— WHAT NEEDS TO BE DONE —
Output the line containing "もち麦ご飯の焼きおにぎり 麦ご飯のお茶漬け などにおすすめ!" and each line after it through the end of the data, exactly as written, with pictures left out.

━━━━━━━━━━━━━━━━

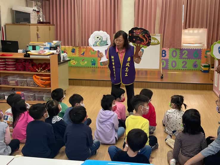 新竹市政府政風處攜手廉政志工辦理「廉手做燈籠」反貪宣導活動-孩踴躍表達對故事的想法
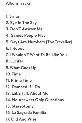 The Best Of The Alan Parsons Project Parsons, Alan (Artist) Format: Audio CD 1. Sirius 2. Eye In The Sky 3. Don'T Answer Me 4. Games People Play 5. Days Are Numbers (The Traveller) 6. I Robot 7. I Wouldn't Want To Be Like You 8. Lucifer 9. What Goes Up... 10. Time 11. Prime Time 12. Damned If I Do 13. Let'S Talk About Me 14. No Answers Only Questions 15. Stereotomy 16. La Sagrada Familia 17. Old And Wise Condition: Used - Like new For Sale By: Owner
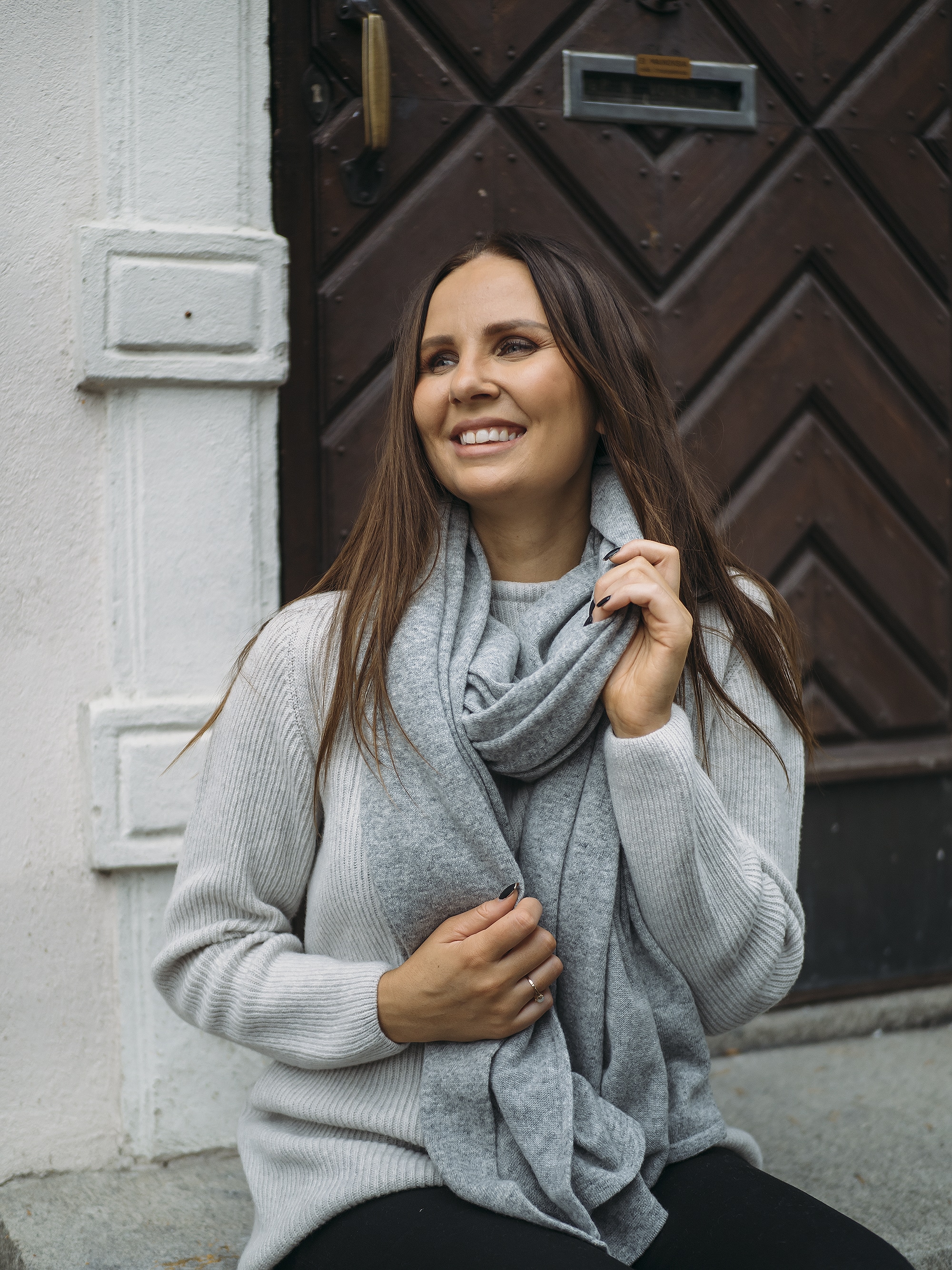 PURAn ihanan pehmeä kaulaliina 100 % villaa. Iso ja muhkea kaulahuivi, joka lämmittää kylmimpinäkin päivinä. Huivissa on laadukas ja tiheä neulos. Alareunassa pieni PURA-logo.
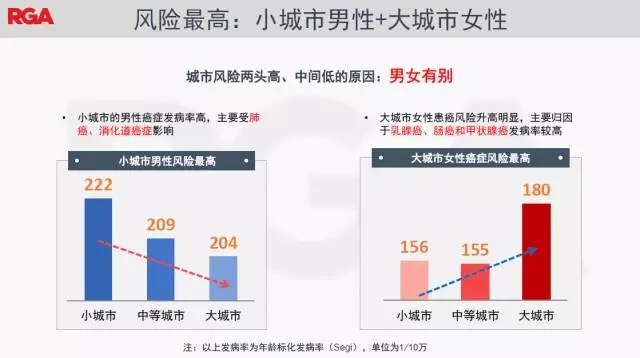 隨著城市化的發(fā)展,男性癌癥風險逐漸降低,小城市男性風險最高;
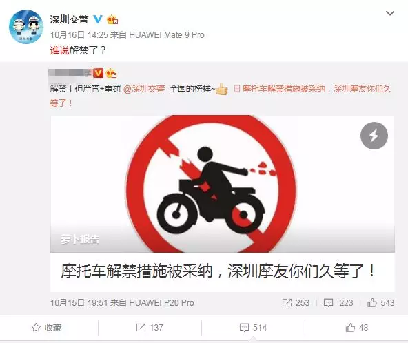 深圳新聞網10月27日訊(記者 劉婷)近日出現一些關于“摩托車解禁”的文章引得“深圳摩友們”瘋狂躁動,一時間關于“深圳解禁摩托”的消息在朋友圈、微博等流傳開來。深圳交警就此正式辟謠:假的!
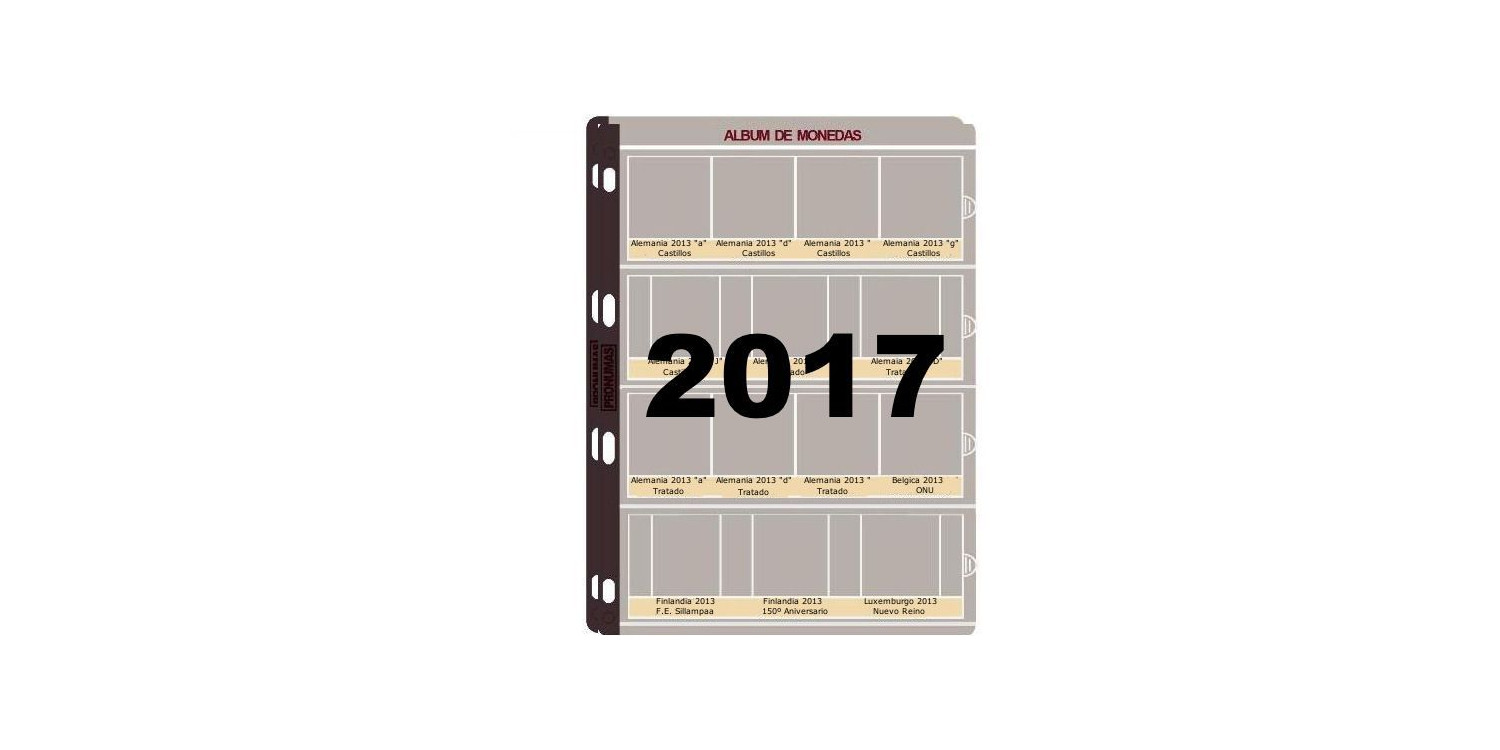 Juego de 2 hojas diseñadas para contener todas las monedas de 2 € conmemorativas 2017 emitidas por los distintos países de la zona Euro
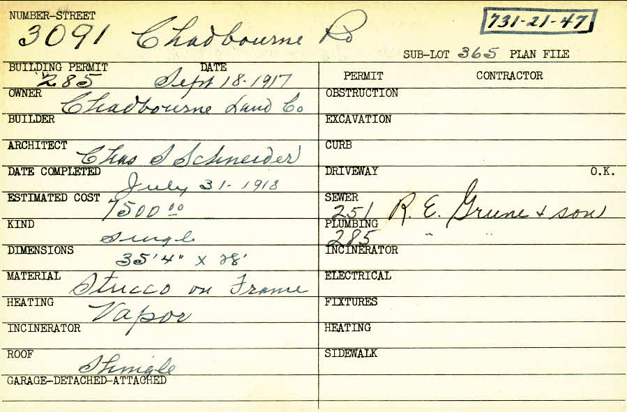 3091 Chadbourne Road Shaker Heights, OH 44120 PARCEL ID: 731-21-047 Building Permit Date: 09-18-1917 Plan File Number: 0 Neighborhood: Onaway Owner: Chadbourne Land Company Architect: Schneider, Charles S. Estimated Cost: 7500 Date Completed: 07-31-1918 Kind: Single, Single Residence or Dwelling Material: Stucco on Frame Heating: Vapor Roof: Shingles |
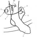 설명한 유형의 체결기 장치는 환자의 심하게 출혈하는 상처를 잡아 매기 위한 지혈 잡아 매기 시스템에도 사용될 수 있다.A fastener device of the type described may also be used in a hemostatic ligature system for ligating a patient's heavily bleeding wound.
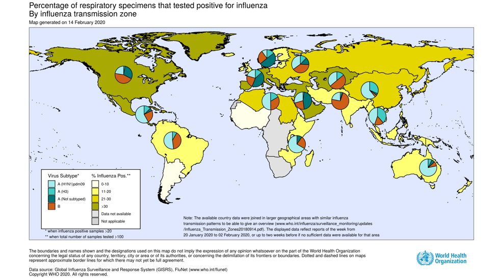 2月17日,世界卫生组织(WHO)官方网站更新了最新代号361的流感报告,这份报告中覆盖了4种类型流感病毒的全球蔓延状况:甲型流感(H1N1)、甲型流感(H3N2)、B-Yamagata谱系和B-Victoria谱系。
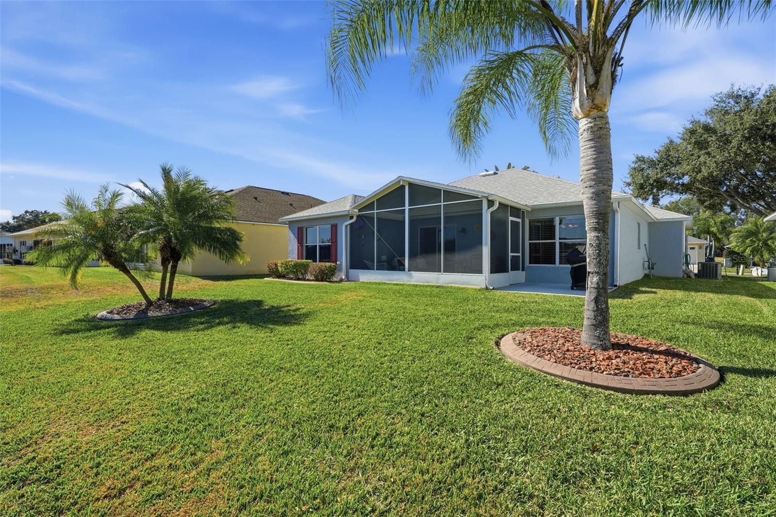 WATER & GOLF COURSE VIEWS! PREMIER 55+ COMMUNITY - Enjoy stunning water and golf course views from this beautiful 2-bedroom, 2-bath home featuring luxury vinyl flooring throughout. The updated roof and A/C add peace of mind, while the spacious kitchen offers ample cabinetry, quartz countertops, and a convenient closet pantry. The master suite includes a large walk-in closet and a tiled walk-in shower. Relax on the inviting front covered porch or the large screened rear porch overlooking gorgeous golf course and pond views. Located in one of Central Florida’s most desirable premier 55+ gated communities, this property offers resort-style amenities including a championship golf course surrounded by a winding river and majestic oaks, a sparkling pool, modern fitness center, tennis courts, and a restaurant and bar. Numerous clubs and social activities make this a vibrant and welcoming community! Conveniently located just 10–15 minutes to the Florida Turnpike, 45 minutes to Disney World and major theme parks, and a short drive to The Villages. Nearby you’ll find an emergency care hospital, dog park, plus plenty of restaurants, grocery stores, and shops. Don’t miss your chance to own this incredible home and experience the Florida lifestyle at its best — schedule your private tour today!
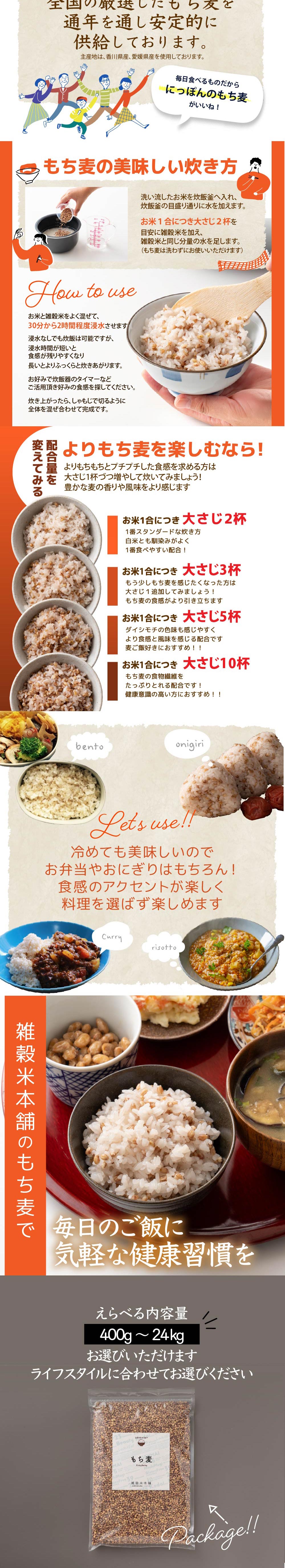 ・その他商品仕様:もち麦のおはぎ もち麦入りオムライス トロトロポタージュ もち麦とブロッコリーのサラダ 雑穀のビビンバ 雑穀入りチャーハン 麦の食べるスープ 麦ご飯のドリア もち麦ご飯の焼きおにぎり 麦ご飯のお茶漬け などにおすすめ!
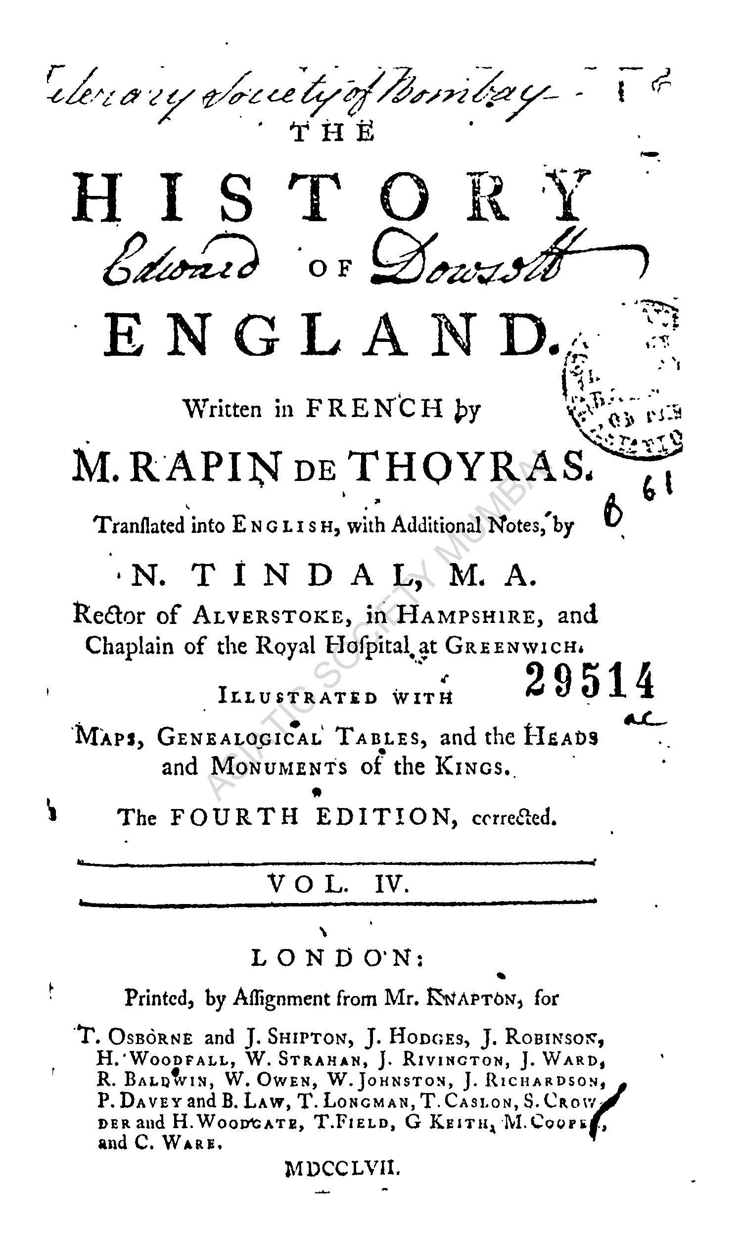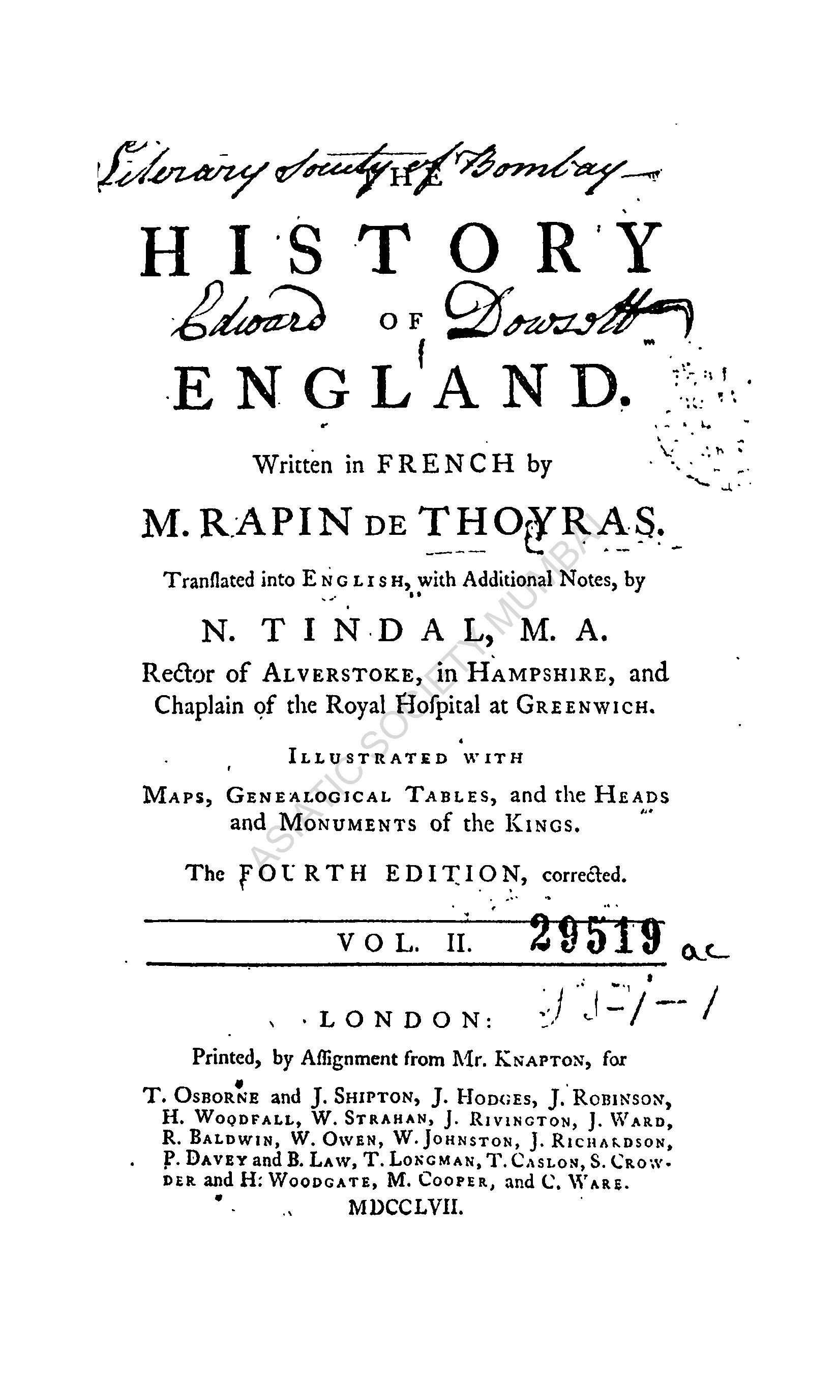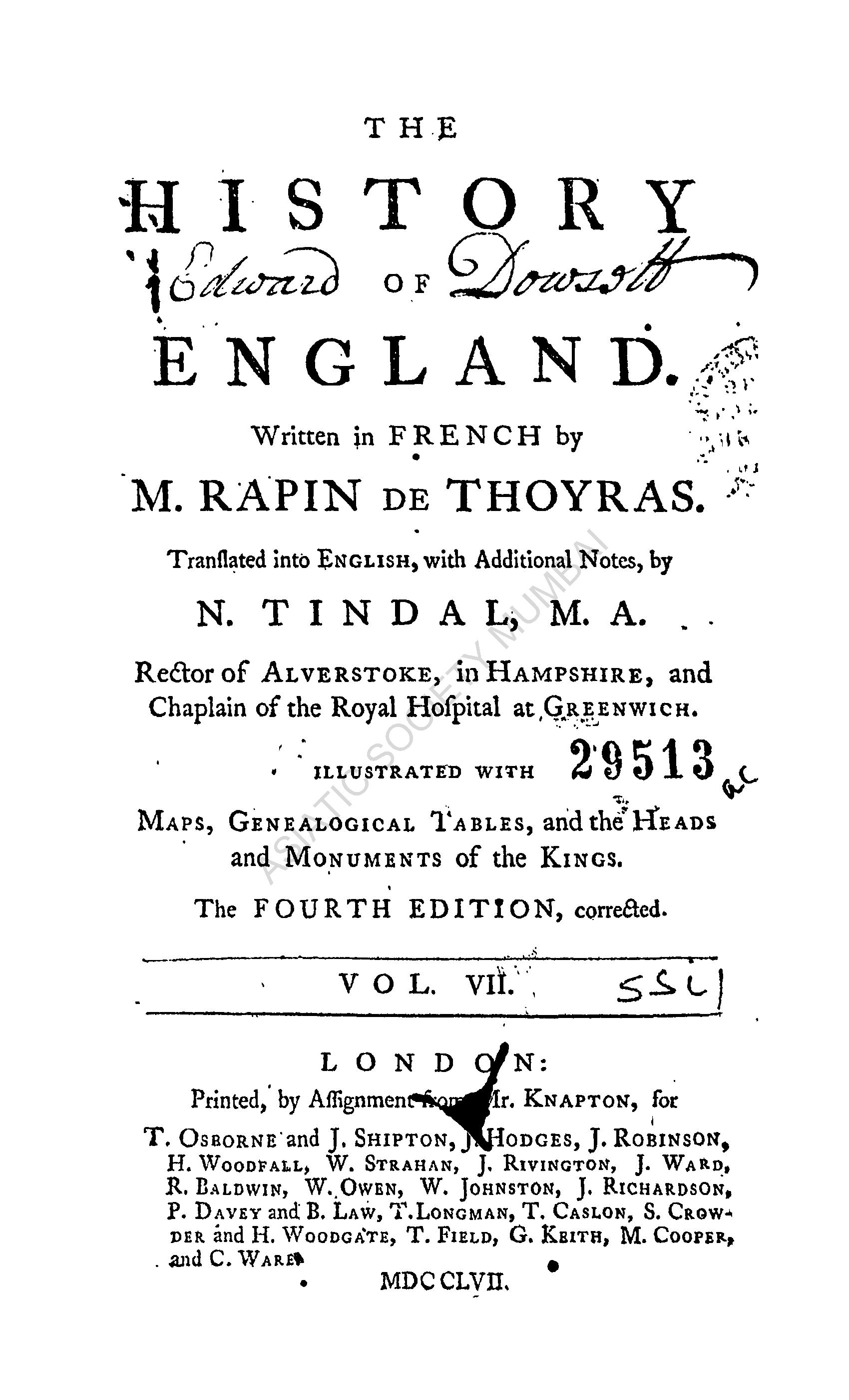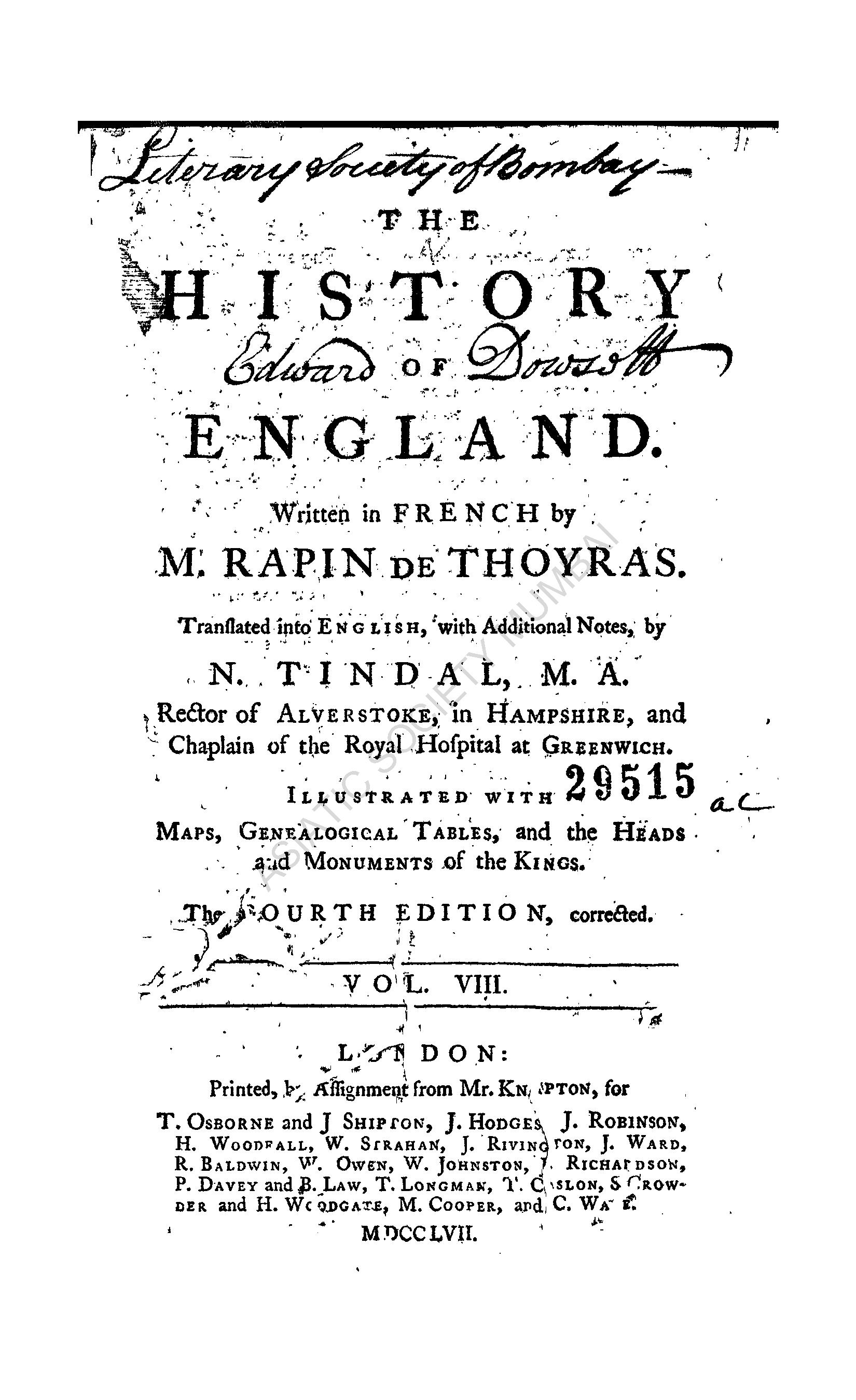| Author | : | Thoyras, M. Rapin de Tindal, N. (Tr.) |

━━━━━━━━━━━━━━━━

— ANSWER FOR THE TASK —
 ・その他商品仕様:もち麦のおはぎ もち麦入りオムライス トロトロポタージュ もち麦とブロッコリーのサラダ 雑穀のビビンバ 雑穀入りチャーハン 麦の食べるスープ 麦ご飯のドリア もち麦ご飯の焼きおにぎり 麦ご飯のお茶漬け などにおすすめ!
| Author | : | Thoyras, M. Rapin de Tindal, N. (Tr.) |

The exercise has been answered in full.